A different kind of spring cleaning
It is not the annual ritual of providers — who nowadays can even be Hillary Clinton, a woman running to become President of the United States, because she wants to be the champion of everyday Americans  — but homemakers — who nowadays are definitely not Bill Clinton, a man who after leaving the White House, has continued to be active in the public sphere, touring the world, writing books, and campaigning for Democrats, including his wife  — in the springtime have held the practice of thoroughly cleaning their house, a practice colloquially known as spring cleaning.
While neither Hillary nor Bill Clinton have ever functioned as homemakers to their families, the Governor of the UMMOA® [3, 4], who today is also the Guru of GEO [5, 6], is involved from time to time in a kind of spring cleaning ritual. It just doesn't happen more or less regularly each spring, and it usually happens every four or six years, not every single year.
This ritual is more like a kind of periodic reaping, after a time of sowing. The sowing is the thinking, theorising, modelling and testing. The reaping is the field full of the crop of new wisdom and science.
As the result of a long period of sowing, the book, Cesidian Political Science: The Rise of Polities, and the (Un)planned Fall of Empires, will be published in a few months.
If you are thinking that a book, with such a title as the one above, is destined to become part of a new or old canonical list of the future, some list of the most influential books, or of books that changed the world, I can say in all humility that you are probably right.

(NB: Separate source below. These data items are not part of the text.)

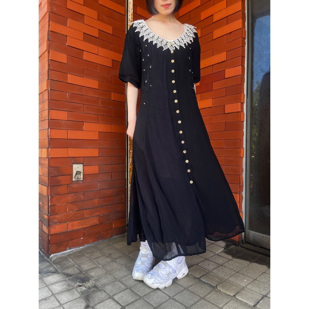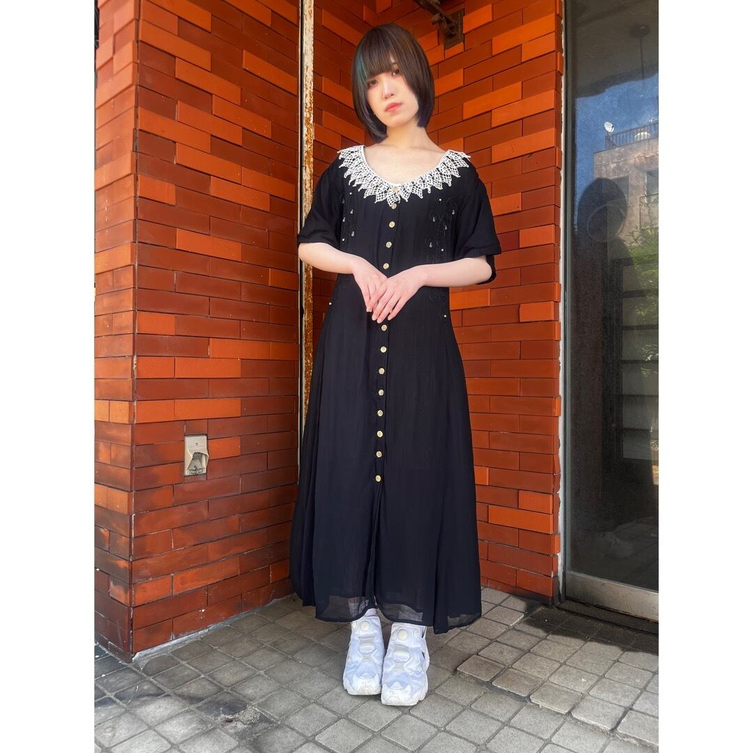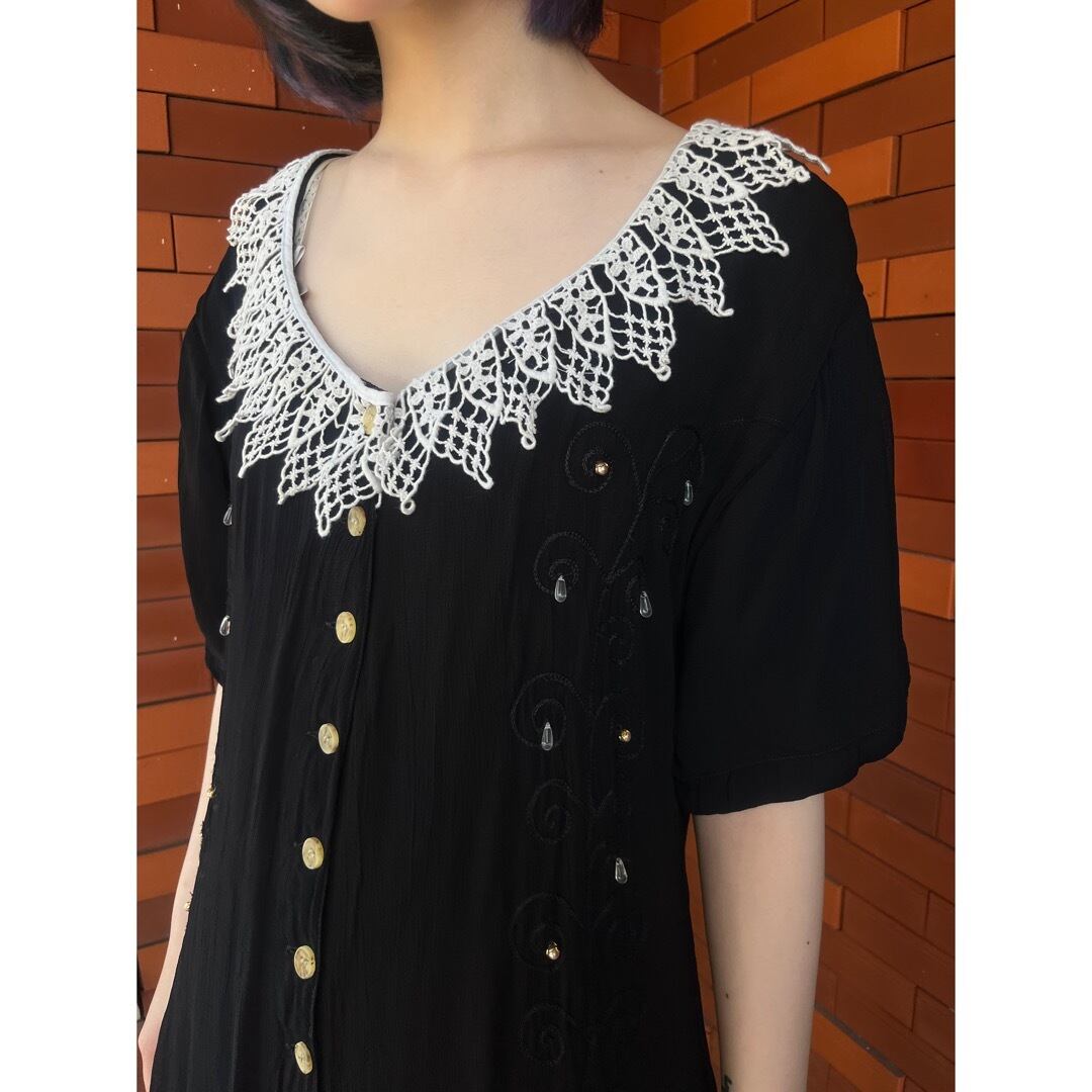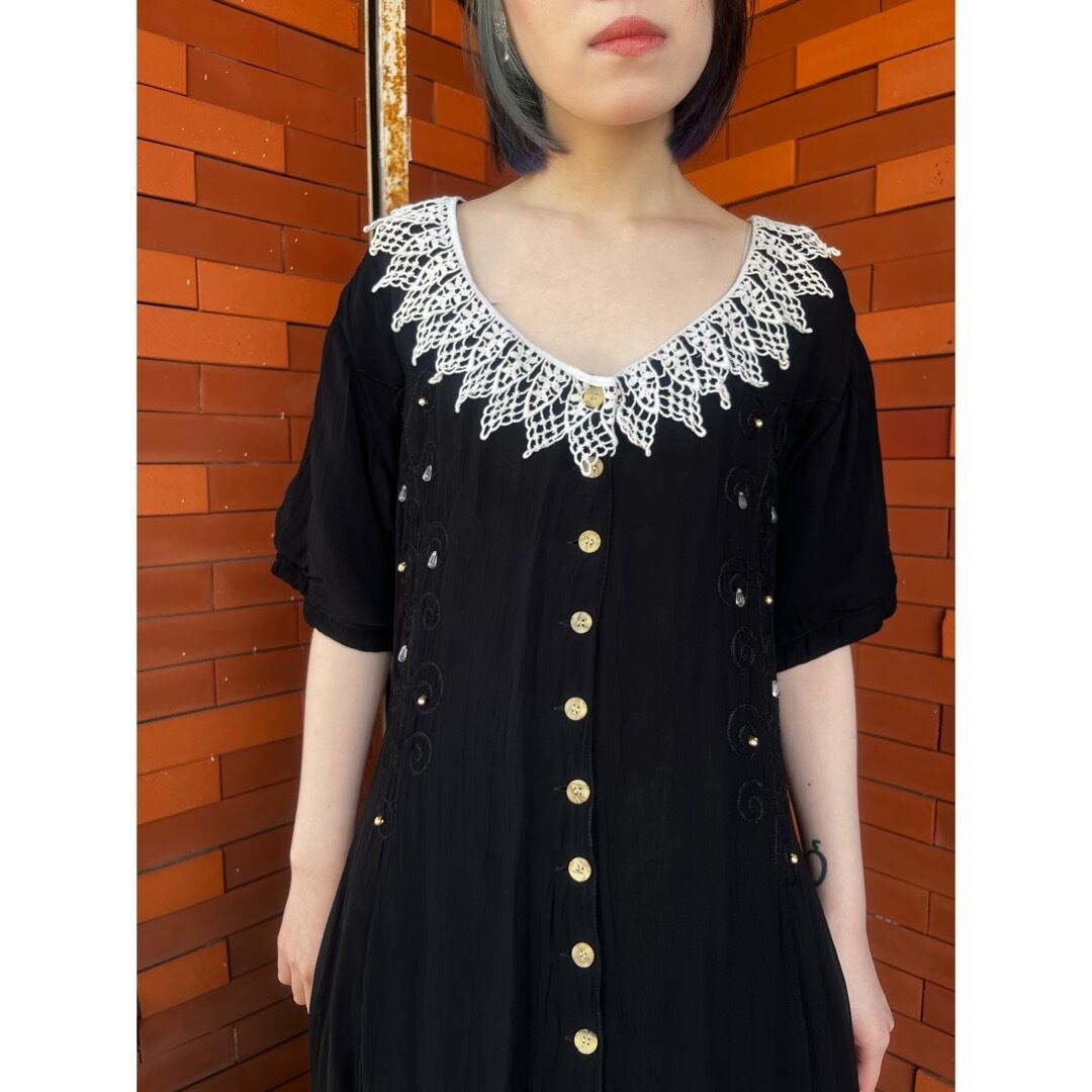 ギザギザのレース襟と涙の雫のような装飾がロマンチックなワンピース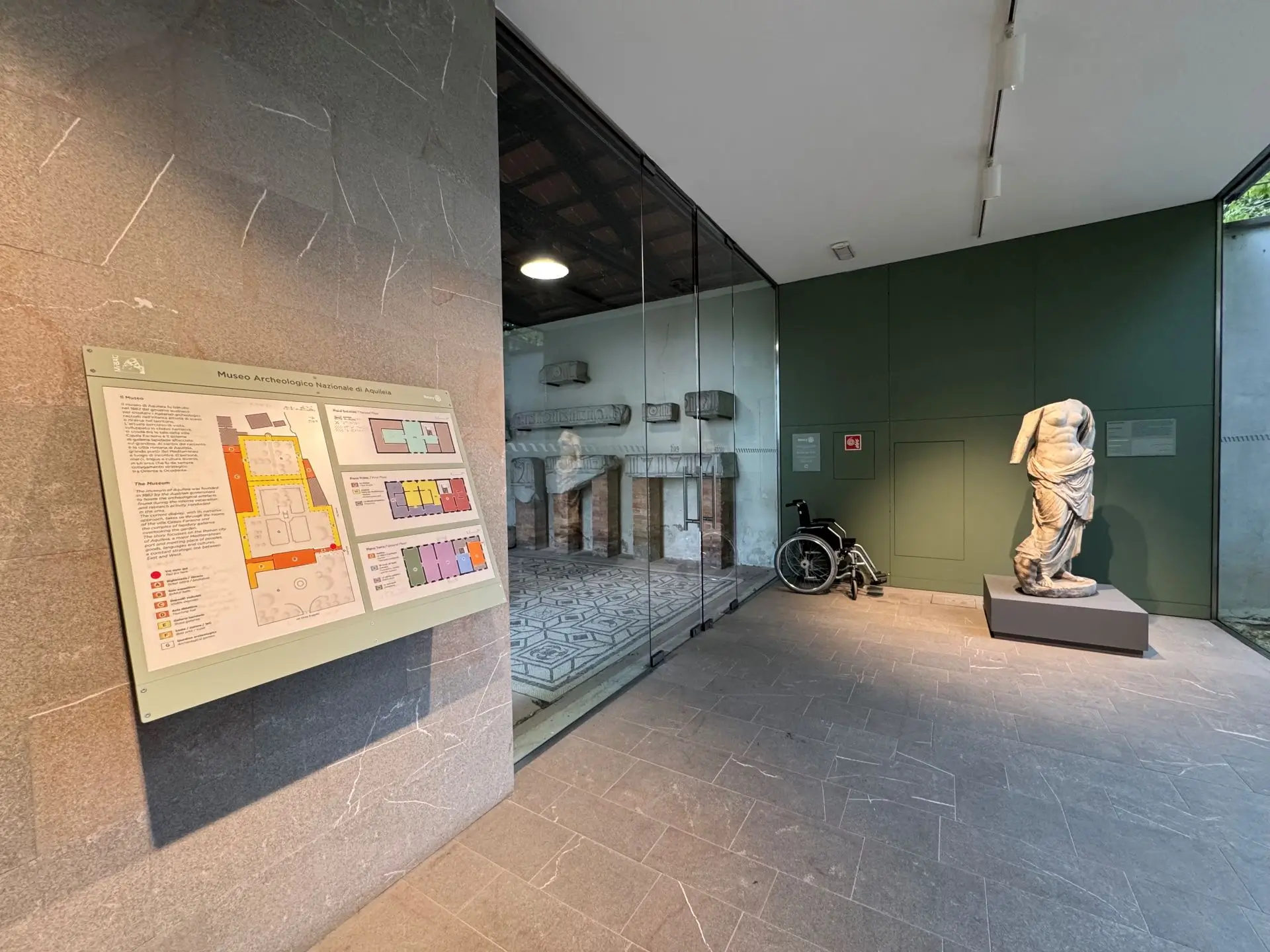 Per ciechi e ipovedenti è disponibile un sistema di audiodescrizioni, in italiano e inglese, che guidano l’esplorazione tattile autonoma di 11 reperti originali attualmente esposti lungo il percorso espositivo. L’applicazione funziona con beacon installati in sala e aiuta ad orientarsi lungo il percorso espositivo, agevolando l’esplorazione e la comprensione delle opere descritte.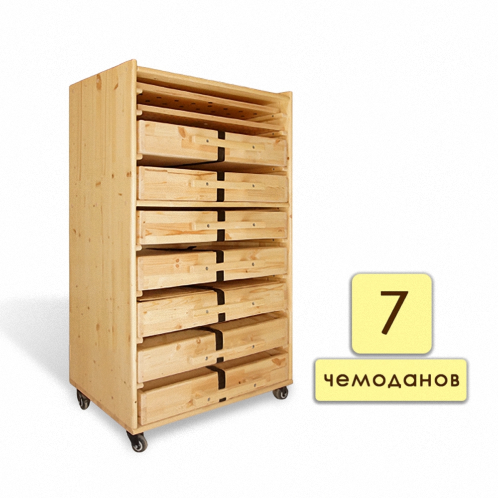 Все эти компоненты удобно расположены внутри деревянного стеллажа на колесиках. Вы можете легко перемещать сразу весь набор в любое место. Ящики и доски достаются легко благодаря удобным ручкам.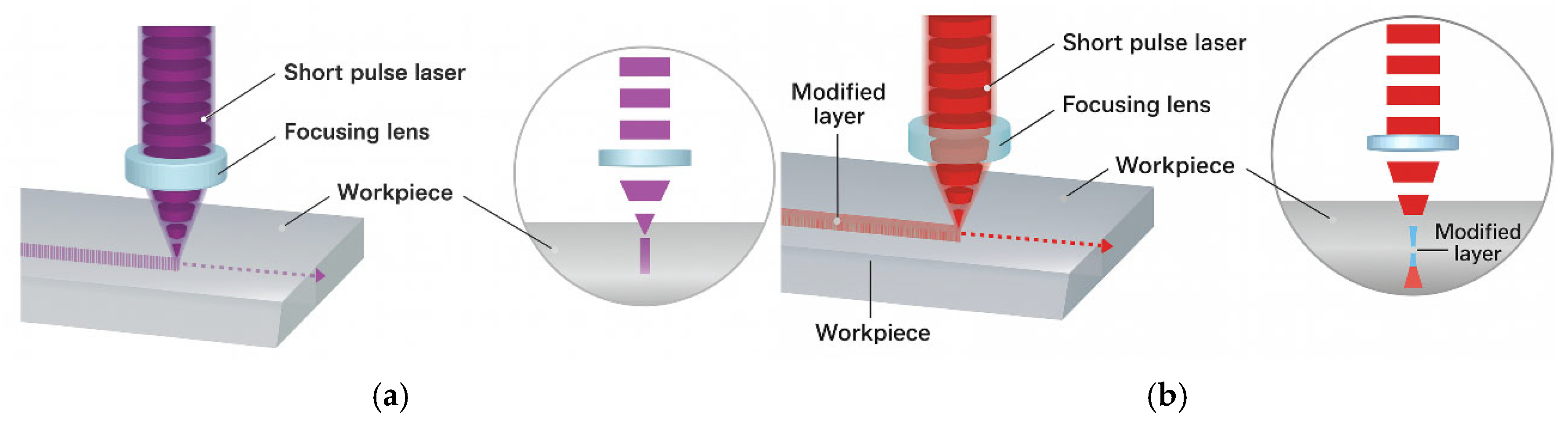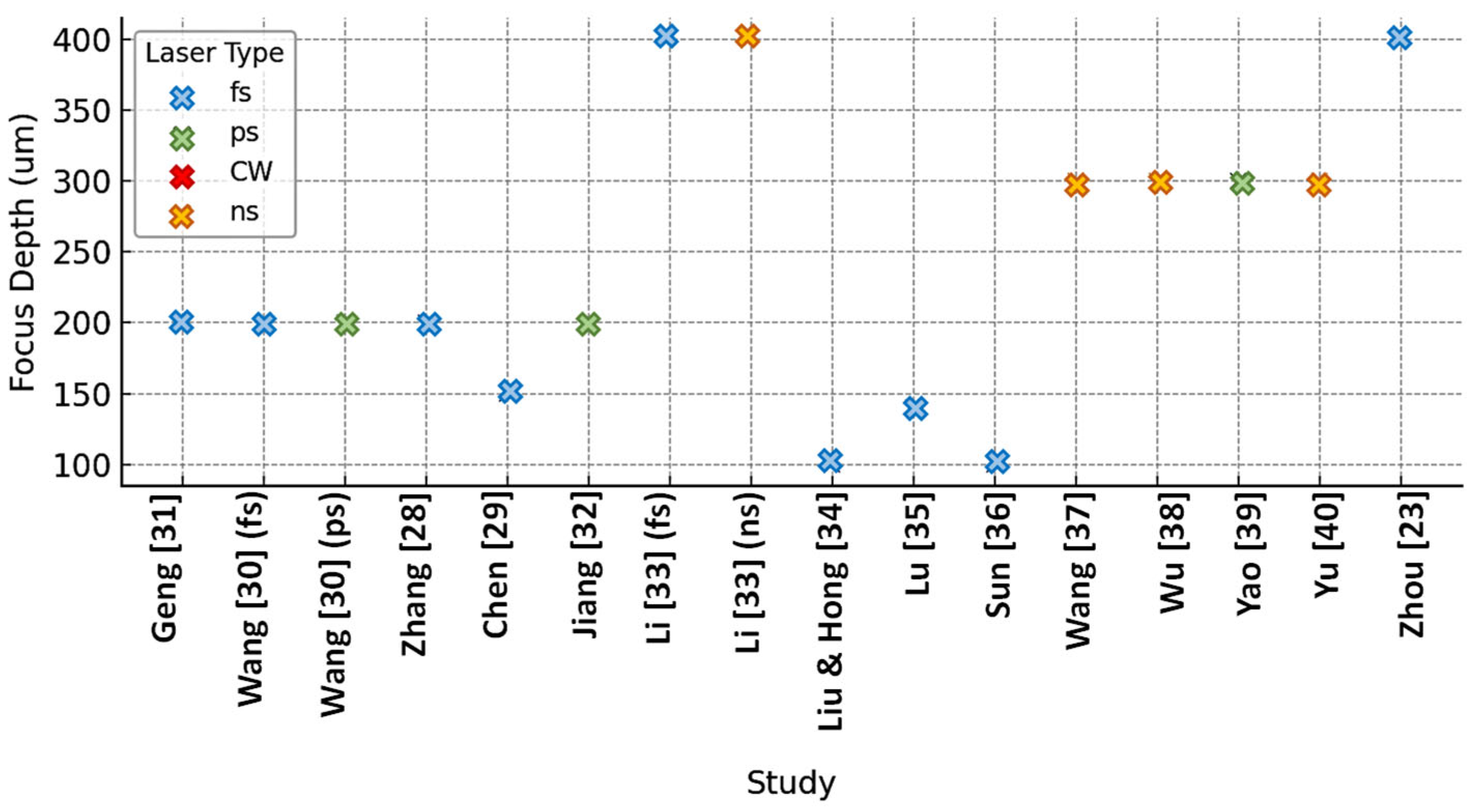 Figure 16). Femtosecond lasers often require tight focusing to achieve high peak intensities in localized regions, allowing for precise control over the modification zone.

I have discovered too many things in roughly the past six years, especially concerning true societies and true polities, and what I have discovered is rigourous, and can no longer be conveniently ignored by scholars, policy makers, and analysts working in different social sciences.
In a speech in Cape Town in June 1966, Robert Kennedy said:
There is a Chinese curse which says "May he live in interesting times". Like it or not we live in interesting times. They are times of danger and uncertainty; but they are also more open to the creative energy of men than any other time in history .Keep breathing, and stay tuned to the new "Cesidian Political Science" website below!
Robert Kennedy was right. We are indeed living interesting times, and they are both hard times for those who are good, and a blessing in disguise.